**Records contained in a dataset**
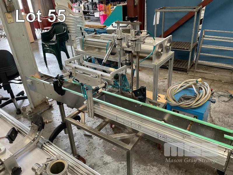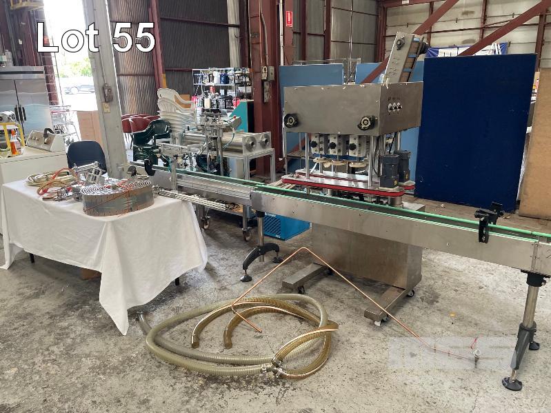 BOTTLING LINE COMPRISING OF: TIRELLI MINIBLOC BOTTLE FILLING STATION, MODEL: EM3 N1 (ORIGINAL SUPPLIED COST: $129,933 + GST) BOTTLE CAPPING UNIT, INCLINE CONVEYOR, DIGITAL DISPLAY CONTROLLER WITH ES, COMPAIR REFRIGERANT AIR DRYER, MODEL: F7C 6m CONVEYOR LINE ROTATING PRODUCT TABLE NOTE: BOTTLING LINE HAS BEEN DECOMISSIONED PLEASE INSPECT BEFORE BIDDING VIDEO FOOTAGE OF BOTTLING LINE IN OPERATION AVAILABLE UPON REQUEST
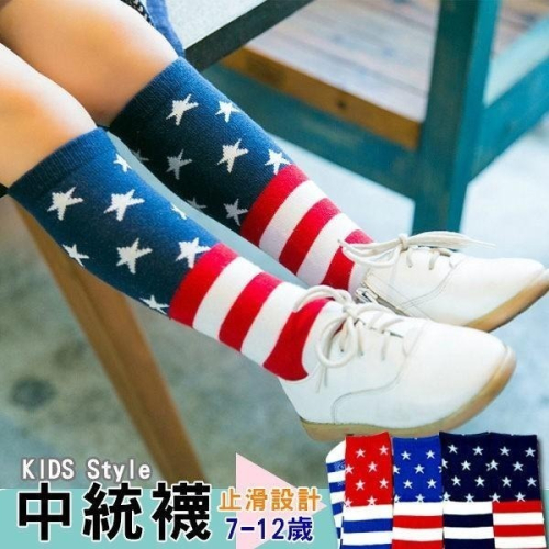 童襪_美式國旗-造型純棉止滑中統童襪-(2雙入)_采靚鞋包精品_ MIT 台灣製_3408-7L
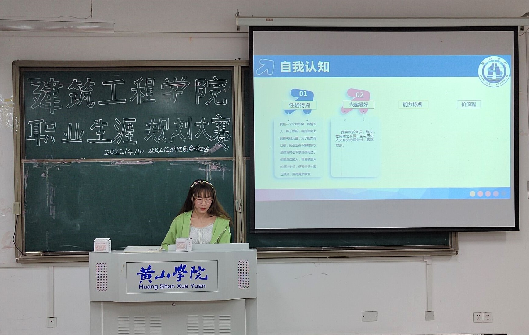 比赛过程中选手们通过PPT讲解的方式,从自我认知、发展方向、目标职业资讯、目标计划、具体执行计划等几个方面进行阐述,分享了自己规划的职业成长路径以及长短期规划。其中来自20城规班的孙芷娴同学结合专业特色、自身性格、兴趣、技能、价值观维度出发,表现尤为出色,获得了本次比赛的一等奖。
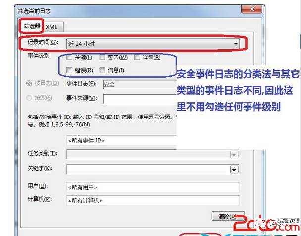 二,在打开的对话框中,切换到"筛选器"标签,在"记录时间(G)"右侧的下拉列表中,选择"近 24 小时",然后点击下方的确定按钮
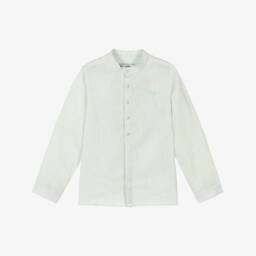 Patterned with fine green stripes, this lightweight shirt for boys by Tartine et Chocolat, is made in a soft cotton and linen blend. A classic collarless style, it features buttoned cuffs on the long sleeves, subtle logo embroidery and branded button fastenings.
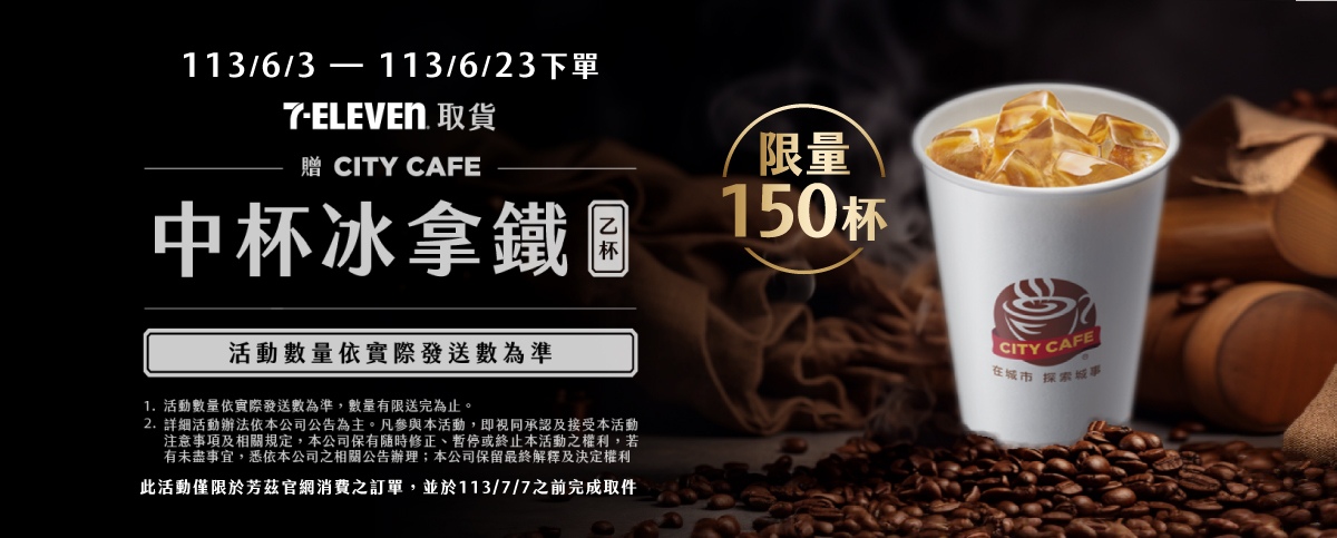 於指定日期 113/7/7 前完成 7-11 超商取貨,即可獲得乙杯 CITY CAFE 冰拿鐵 ( 中杯 )之兌換劵序號。
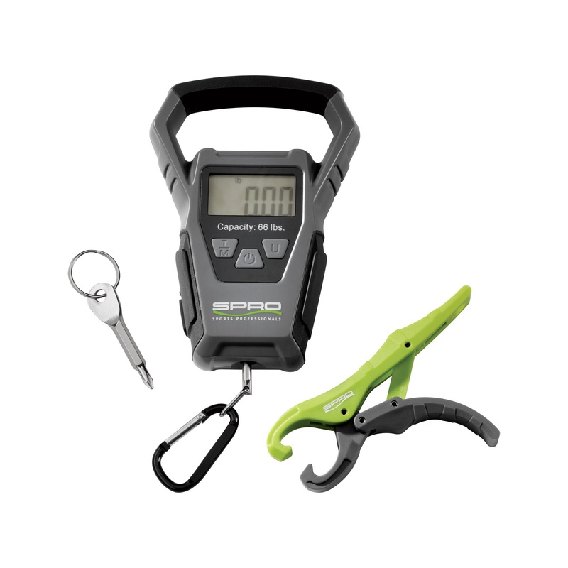 TheSpro Digital Scalefeatures a large easy-to-read LCD screen on the front and a hefty handle. Measuring up to 65lbs and comes with a fish gripper and a built-in 40-inch measuring tape, the scale is simple to use even when trying to bring in that trophy bass.
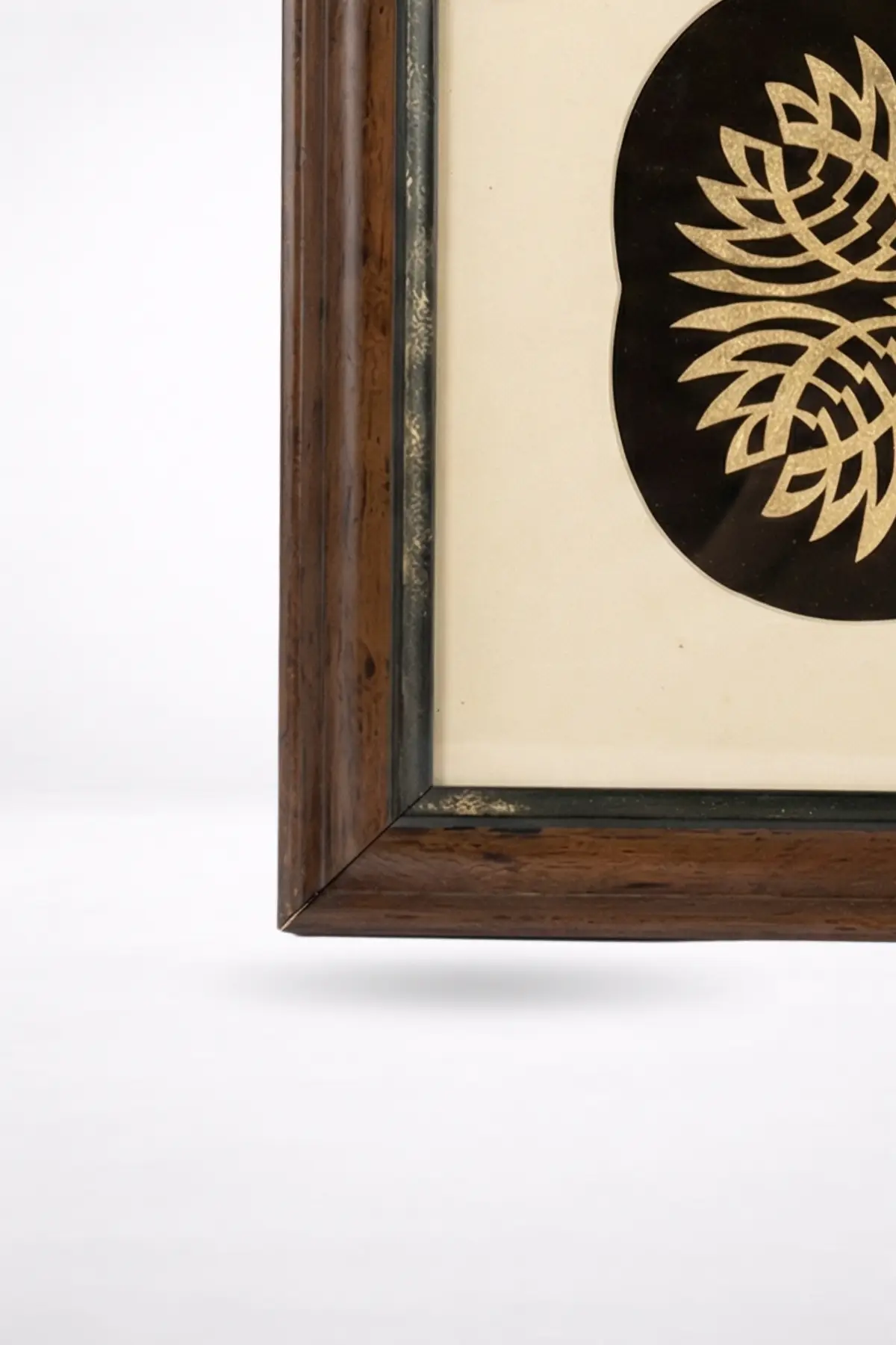 - Merkezi Motif: Siyah dairesel zemin üzerine işlenmiş altın varak görünümlü geometrik hat, merkezden dışa doğru yayılan bir güneşi andırır. Dört yöne açılan lale formları, kainattaki dengeyi ve sonsuz döngüyü (devr-i alem) simgeler.

**Activity**
Beginning at the line above that contains "Patterned with fine" and going on through the line that contains "於指定日期 113/7/7 前完成", please copy every line exactly, leaving the pictures out and adding nothing.

**Task response**
 Patterned with fine green stripes, this lightweight shirt for boys by Tartine et Chocolat, is made in a soft cotton and linen blend. A classic collarless style, it features buttoned cuffs on the long sleeves, subtle logo embroidery and branded button fastenings.
 於指定日期 113/7/7 前完成 7-11 超商取貨,即可獲得乙杯 CITY CAFE 冰拿鐵 ( 中杯 )之兌換劵序號。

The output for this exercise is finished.